The family returned from their trip a few days later. The diamond cutter, alarmed by the obvious break-in, walked downstairs and into the room. You can see the footage of him gagging on the stench of the rotting corpse. He promptly left the room and called 911. After a few minutes, he returned and seemed very distressed. He crouched down by the corpse, which had a cutting tool in his hand. Carved on the adjacent leg of the workbench was a message:

"Me = thief. You = murderer."

Did James deserve to die? I don't know. Did the diamond cutter set this up as a trap? Some of the investigators said he could have, but there was no way to prove it. It was just a door that happened to lock from the inside, requiring a special code to get out. The guy explained that there was a lock malfunction which allowed the door to be opened from the outside, and that he hadn't gotten around to fixing it. He wasn't charged with anything.

I guess you just shouldn't break into other people's houses and try to take their stuff. Seems to me there isn't really of any sort of law that's going to protect James here, no matter what anyone says.

Of course, later on, we learned the disturbing truth. It turns out the diamond cutter was watching him—watching the live webcam footage the whole time from his beach house in Costa Rica. He had planned the whole situation just to bait the guy. He had opened the drapes in the living room just so James could photograph the keypad. He had told the kids to use the fake rock with the key inside so James would see. He planned the whole trip and put the dog in the kennel just for James' benefit, so that he would know the wouldn't be home. Incredible stuff. It gets pretty crazy.

We learned that there was a speaker in that room. There was no audio on the recovered webcam footage, so the investigators thought James had simply gone mad when he started screaming things. Actually, it turns out the diamond cutter was taunting James—telling him there would be no one coming to save him—telling him he would die for his crime. In fact, investigators suspect the diamond cutter explained exactly how he had set James up. They say he did everything he could to lure a burglar to his house, any burglar, just so he could have the pleasure of watching the guy die in his little dungeon.

How do they know this? He confessed to it. He openly said that it was total, 100% premeditated, cold-blooded murder.

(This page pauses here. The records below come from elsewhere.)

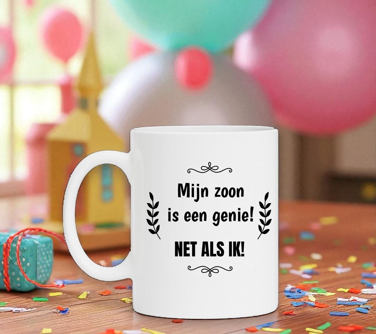Grappig koffie mok om je moeder kado te geven. Op de mok staat de opdruk mijn zoon is een genie! net als ik! De witte koffie of thee mok is vaatwasserbestendig en magnetronbestendig. De mok heeft een hoogte van 96mm en een diameter van 80mm.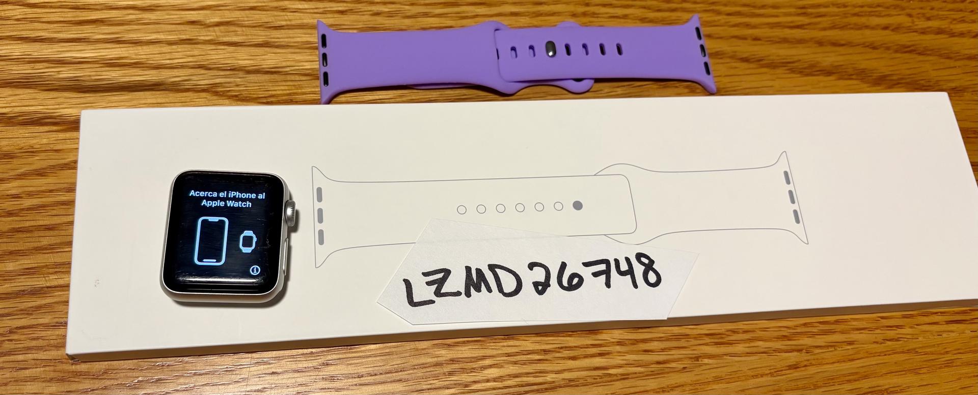Included: Preowned Apple Watch 3 and genuine new in box Apple sport band (white, 41mm). I can also include a purple sport band (unused) if interested. Does not come with Apple Watch box or charging cable. Watch charges fully and lasts a day (might need to charge before bed depending on how much you use it.)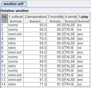例如如下的属性声明说明“outlook”属性有三种类别:“sunny”,“ overcast”和“rainy”。而数据集中每个实例对应的“outlook”值必是这三者之一。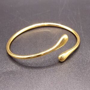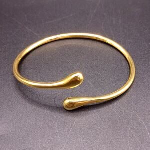 18k Gold Plated Bracelet Teardrop Minimalist Open Cuff Women's Vtg Birthday Gift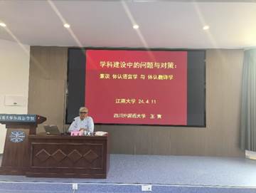 2024年4月11日下午,四川外國語大學(xué)資深教授、博士生導(dǎo)師王寅教授為我院師生作了題為“體認(rèn)語言學(xué)與體認(rèn)翻譯學(xué)”的學(xué)術(shù)講座。講座由外國語學(xué)院院長方文開教授主持,學(xué)院全體教師、研究生參加了本次講座。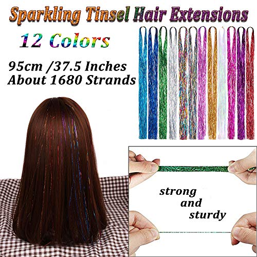 - 【Size and Quantity 】12 color hair tinsel is 38 inches long, each color has 150 strands. There are 1800 strands in our combination at least. You can adjust the length of hair tinsel according to the length of hair.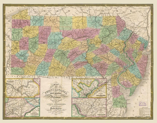 New Jersey Pennsylvania - Mitchell 1832 White Modern Wood Framed Art Print with Double Matting by Mitchell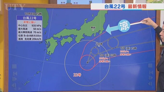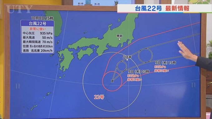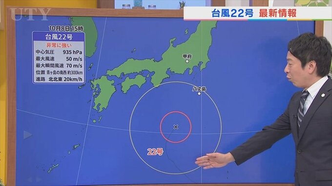 伊豆諸島では、暴風雨と波浪の特別警報も発表されていまして、これは数十年に一度起こるかどうか、重大な災害が起こる恐れが極めて高いという情報も発表されているような状況です。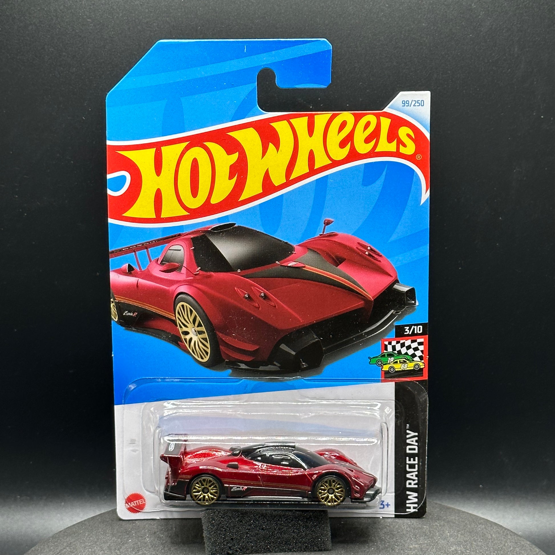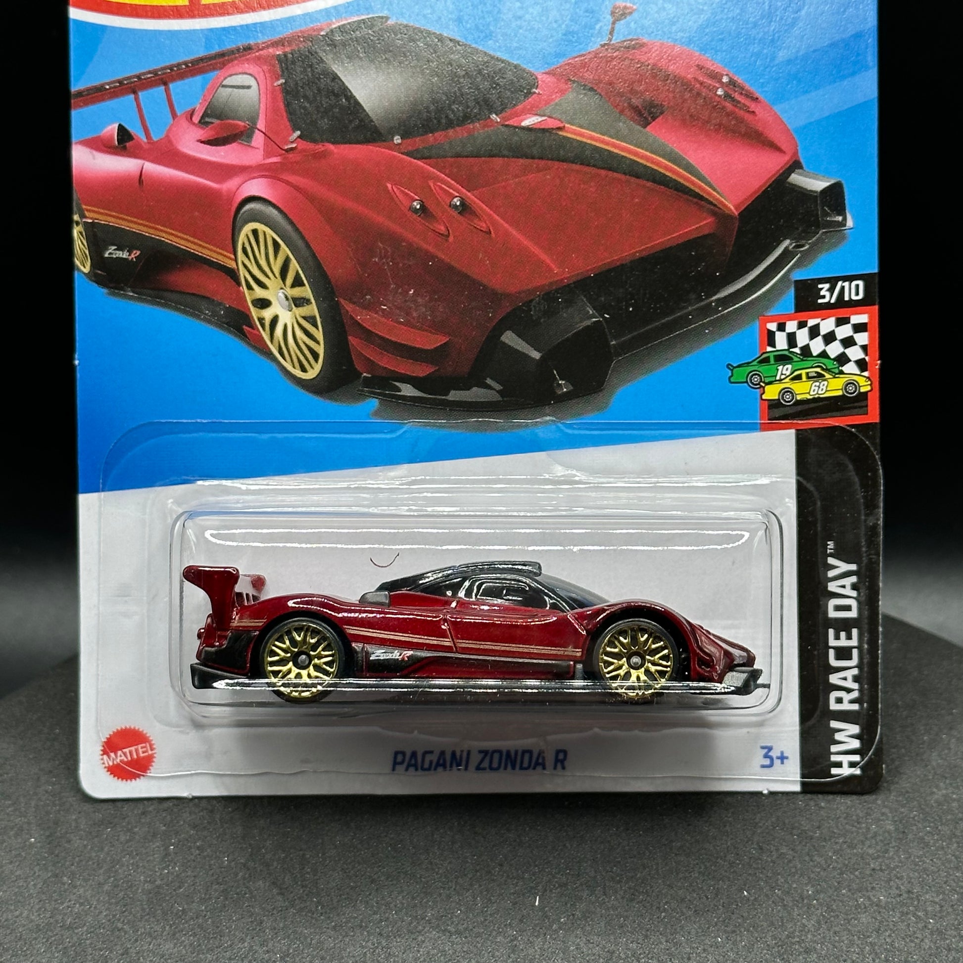 Hot Wheels Pagani Zonda R in red. There are multiple available and you might not get the exact one in the picture. They are all in good condition but may have a slightly soft corner or slight bend on the hook. All Hot Wheels will be wrapped in bubble wrap and shipped in a box for added protection.

He just felt like killing a guy who was serious about robbing him, and somewhat capable of doing so. It was a game. I guess he lost a bunch of money in the Madoff scandal or something. I guess he just needed some sort of twisted justice. But, even after his confession, no one believed him. It was just too absurd. They didn't think it was possible. After all, there wasn't any particularly sophisticated trap set—just a standard automatic lock that had a particular malfunction. It was a trap designed not for any specific individual, but for a particular type of individual— a clever burglar.

Anyway, if you ask my opinion, I guess I'll have to stick with what I said before—it seems to me you just shouldn't break into other people's houses and try to take their stuff. I don't think James should have been killed like that, but I don't think people should step into bear traps either. Just one of those things, I guess.